== Segment start ==

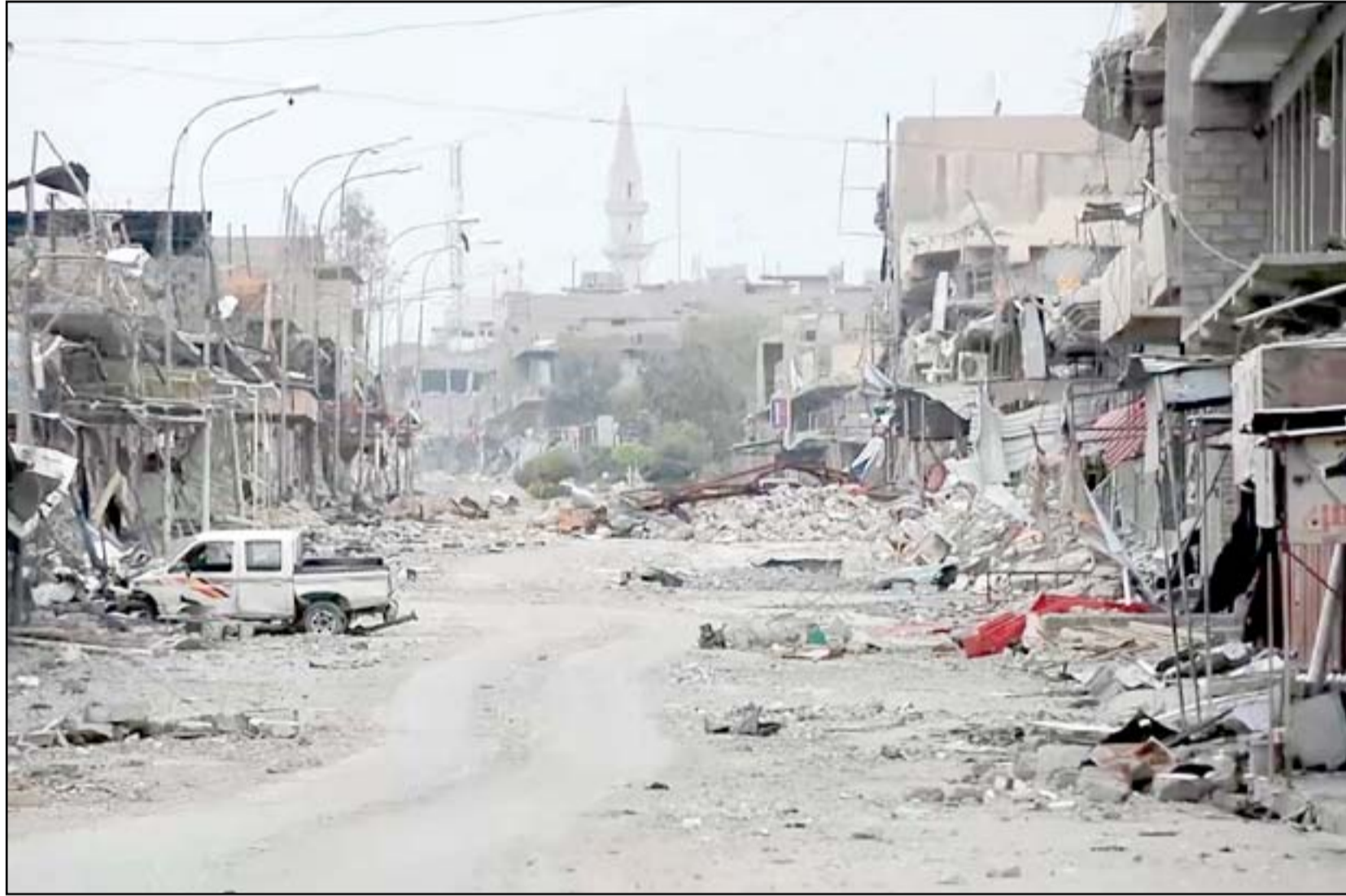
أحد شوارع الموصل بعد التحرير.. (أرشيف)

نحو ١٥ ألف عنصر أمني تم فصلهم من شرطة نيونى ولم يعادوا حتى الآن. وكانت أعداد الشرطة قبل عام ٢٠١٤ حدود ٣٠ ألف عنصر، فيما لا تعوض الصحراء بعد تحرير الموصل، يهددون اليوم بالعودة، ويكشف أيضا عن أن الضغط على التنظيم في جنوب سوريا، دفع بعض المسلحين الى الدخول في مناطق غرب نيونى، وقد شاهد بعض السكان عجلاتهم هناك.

== Segment end ==
== Segment start ==

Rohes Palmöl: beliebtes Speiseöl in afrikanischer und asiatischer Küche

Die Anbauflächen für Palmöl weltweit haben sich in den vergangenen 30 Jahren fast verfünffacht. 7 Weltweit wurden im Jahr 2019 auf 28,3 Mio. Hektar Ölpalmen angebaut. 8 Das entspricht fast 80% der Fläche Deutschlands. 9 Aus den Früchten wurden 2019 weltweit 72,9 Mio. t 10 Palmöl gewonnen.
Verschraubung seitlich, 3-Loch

== Segment end ==

[Assignment]
Number of lines above with the word "Palmöl": supply it alone.

[Your solution]
2